3.4. Forced alignment
Forced alignment refers to the task where a text and corresponding audio are aligned with one
another. This can be done on different levels, which are usually utterances, words, phonemes
or phones. In our report the texts and corresponding audio files were aligned with a forced
alignment system described by Leinonen et al. [16] that is currently available in the Language
Bank of Finland. We used this implementation in CSC’s Puhti infrastructure as Komi was added
to this system in 2021 under the macrocode kv. This code refers to both Permian Komi and
Zyrian Komi, and indeed the current setup works for both main varieties.

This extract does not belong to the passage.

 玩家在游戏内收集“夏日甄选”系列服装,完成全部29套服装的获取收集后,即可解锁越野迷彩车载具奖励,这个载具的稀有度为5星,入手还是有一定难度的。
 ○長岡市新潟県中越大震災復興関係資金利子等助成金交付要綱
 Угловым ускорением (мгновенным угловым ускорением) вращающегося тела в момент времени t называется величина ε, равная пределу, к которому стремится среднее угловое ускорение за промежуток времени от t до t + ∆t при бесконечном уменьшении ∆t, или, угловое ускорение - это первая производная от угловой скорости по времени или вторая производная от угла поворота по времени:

   The forced alignment system of Leinonen et al. [16] is an example of a cross-lingual ap-
plication in this domain. The idea is that an alignment system is trained for one language
and applied to another. As mentioned above, this task can be done with varying granularity.

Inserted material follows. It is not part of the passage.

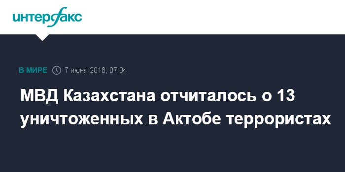 МВД Казахстана отчиталось о 13 уничтоженных в Актобе террористах

Matching longer sentences is less exact and has more margin for errors than matching words,
and even more so when we discuss phonemes and phones, where the units are already very
language-specific in themselves.
   There are already examples of using this approach in language documentation contexts. For
example, an Italian model has been used for Australian Kriol, one reason for this being that
they both have similar vowel systems [17, 285]. The system we used was also based on a
Finnish-language model, and the idea is that this would serve as an adequate starting point for
a cross-linguistic forced alignment. The study of Leinonen et al. [16] already carried out tests in
Finnish, Estonian, North Saami, and our work contributes to this work on the Uralic languages,
in this case Zyrian Komi. However, it is not obvious whether there is any particular benefit in
using the Finnish model for Komi as compared to any other language pair, and further testing
with different languages remains important. Our results indicate that at least in the case of
Komi the alignment works very well. The results are displayed in Figure 3.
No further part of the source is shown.